#### [Work to complete]
Starting at the line with "今年是綠水青山就是金山銀山理" and ending at the line with "ている風光明媚な港町だった。", print exactly the lines of the entries below. Pictures do not belong in the copy.

#### [Exercise data]
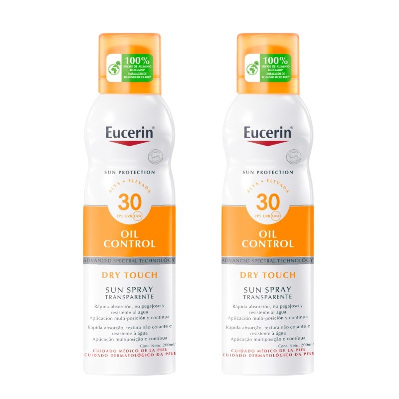 Eucerin Sun Spray Dry Touch SPF30 Duplo oferece dois frascos de 200 ml de protetor corporal em spray de alto conforto. Proporciona proteção solar com acabamento seco e sem sensações pegajosas.
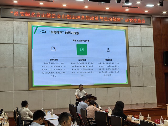 今年是綠水青山就是金山銀山理念提出20周年。近日,由西南政法大學(xué)、生態(tài)環(huán)境部環(huán)境與經(jīng)濟政策研究中心主辦的“落實綠水青山就是金山銀山理念的政策與法治保障”研究交流會在重慶市舉行。會上,廣東省東莞市生態(tài)環(huán)境局黨組成員、副局長王鑫以《小切口、小快靈:東莞市零散工業(yè)廢水管理的立法創(chuàng)新》為題作主題發(fā)言,向與會專家學(xué)者分享東莞市零散工業(yè)廢水管理的法治經(jīng)驗。
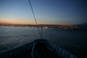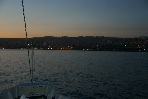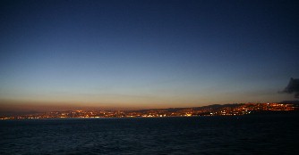 ている風光明媚な港町だった。沖合から見る港町は背後に小高い丘があり、その丘をオレンジ色の明かりが埋め尽
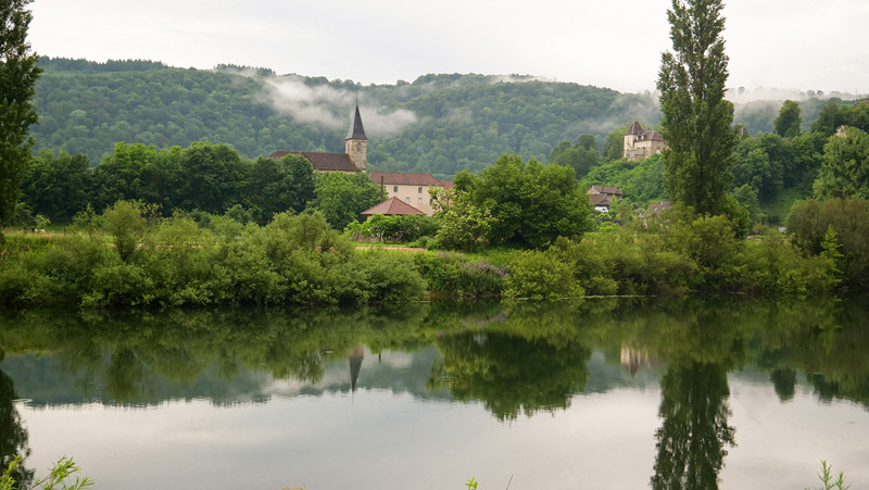 Optisch hat das aktuelle Klima schließlich auch etwas, freue ich mich, als ich meine Kamera zum Fluss ausrichte, auf dessen gegenüberliegender Uferseite eine kleine Steinkirche ihr Spitzdach-Türmchen zwischen den Bäumen vorschiebt und sich der Wolkendunst in den Hügeln in Szene setzt.
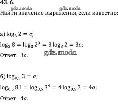 ОТВЕТ на задание № 43. 6 Задачник по Алгебре 10-11 класс Мордкович Базовый уровень
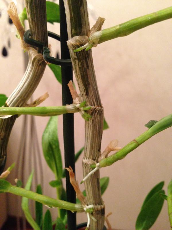 Дендробиум отцвёл и на месте цветов появились детки, почти от каждого цветка,они уже и корни дают.
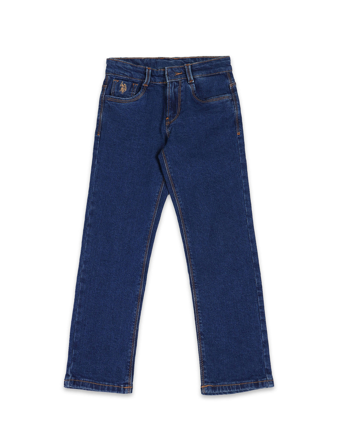 | Mid-rise waist | Button and zip fly closure | Five pockets | Dark washed | Denim weave | Relaxed fit |

#### [Solution to this exercise]
 今年是綠水青山就是金山銀山理念提出20周年。近日,由西南政法大學(xué)、生態(tài)環(huán)境部環(huán)境與經(jīng)濟政策研究中心主辦的“落實綠水青山就是金山銀山理念的政策與法治保障”研究交流會在重慶市舉行。會上,廣東省東莞市生態(tài)環(huán)境局黨組成員、副局長王鑫以《小切口、小快靈:東莞市零散工業(yè)廢水管理的立法創(chuàng)新》為題作主題發(fā)言,向與會專家學(xué)者分享東莞市零散工業(yè)廢水管理的法治經(jīng)驗。
 ている風光明媚な港町だった。沖合から見る港町は背後に小高い丘があり、その丘をオレンジ色の明かりが埋め尽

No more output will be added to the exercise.